The mayor, who has attended dozens of services since the September 11 attacks that toppled the World Trade Center's twin towers, said he leaves them with more energy than he had when he showed up.
"Particularly in a small village setting, when you see thousands and thousands of people turn out, it's very inspiring ... and gives you strength."
More bodies recovered
As of Saturday, the number of bodies recovered rose to 393, of which 335 have been identified, the mayor said. The estimate of missing persons remains at 4,979
Also, 1,382 people had applied for death certificates for family members missing in the trade center attacks, Giuliani said.
So far, 195,259 tons of debris and another 44,515 tons of steel have been removed in 12,824 truckloads.
Monday is Columbus Day, a holiday for many, but the stock exchanges and banks will be open. The city will have in effect its travel restrictions requiring vehicles entering Manhattan below 63rd Street Monday between 6 a.m. and 11 a.m. to have more than one person.

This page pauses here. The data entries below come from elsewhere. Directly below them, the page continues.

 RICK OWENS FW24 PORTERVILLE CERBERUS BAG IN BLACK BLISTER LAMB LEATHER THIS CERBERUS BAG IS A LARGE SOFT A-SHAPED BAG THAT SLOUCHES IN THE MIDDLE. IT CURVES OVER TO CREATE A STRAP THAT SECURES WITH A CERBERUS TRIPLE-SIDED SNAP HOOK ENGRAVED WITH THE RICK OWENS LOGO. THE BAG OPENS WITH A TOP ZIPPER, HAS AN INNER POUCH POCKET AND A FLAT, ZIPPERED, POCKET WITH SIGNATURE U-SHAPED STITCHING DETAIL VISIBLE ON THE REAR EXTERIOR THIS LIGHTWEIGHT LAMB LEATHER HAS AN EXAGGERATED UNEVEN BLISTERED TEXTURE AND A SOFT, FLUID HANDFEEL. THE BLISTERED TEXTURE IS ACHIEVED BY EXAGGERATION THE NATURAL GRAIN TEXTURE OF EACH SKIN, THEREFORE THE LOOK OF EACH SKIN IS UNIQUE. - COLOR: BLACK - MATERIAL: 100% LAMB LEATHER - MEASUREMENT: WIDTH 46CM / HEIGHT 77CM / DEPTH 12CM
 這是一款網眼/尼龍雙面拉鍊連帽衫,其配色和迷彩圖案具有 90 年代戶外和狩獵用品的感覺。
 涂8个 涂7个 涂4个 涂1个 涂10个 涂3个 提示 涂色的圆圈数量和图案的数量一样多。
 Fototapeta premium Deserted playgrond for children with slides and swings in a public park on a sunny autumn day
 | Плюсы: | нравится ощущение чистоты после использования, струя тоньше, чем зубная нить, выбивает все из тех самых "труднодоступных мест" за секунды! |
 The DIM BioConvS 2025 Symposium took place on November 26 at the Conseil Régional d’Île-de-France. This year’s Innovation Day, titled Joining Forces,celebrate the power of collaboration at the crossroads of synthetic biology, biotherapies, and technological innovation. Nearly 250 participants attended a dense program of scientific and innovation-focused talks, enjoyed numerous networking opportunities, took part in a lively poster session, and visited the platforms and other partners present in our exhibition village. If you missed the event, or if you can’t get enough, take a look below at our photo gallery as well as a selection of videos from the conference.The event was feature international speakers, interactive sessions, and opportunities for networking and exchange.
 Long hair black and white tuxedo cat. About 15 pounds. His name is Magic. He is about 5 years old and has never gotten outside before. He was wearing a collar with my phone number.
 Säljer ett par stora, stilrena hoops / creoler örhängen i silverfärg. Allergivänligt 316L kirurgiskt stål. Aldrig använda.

Based on how traffic flows, city officials will consider opening streets in the area near Ground Zero during the work week, too, he said.
New York celebrates
Columbus Day celebrations are expected to go forward this weekend: parades are slated to take place Sunday in the Bronx and Staten Island.
Monday's parade along Fifth Avenue in Manhattan will be dedicated to the memory of the people who lost their lives at the World Trade Center, Giuliani said.
The mayor also noted that the city seems to be recovering. New York is "open for business," he said. "It appears as if it's pretty darned crowded today."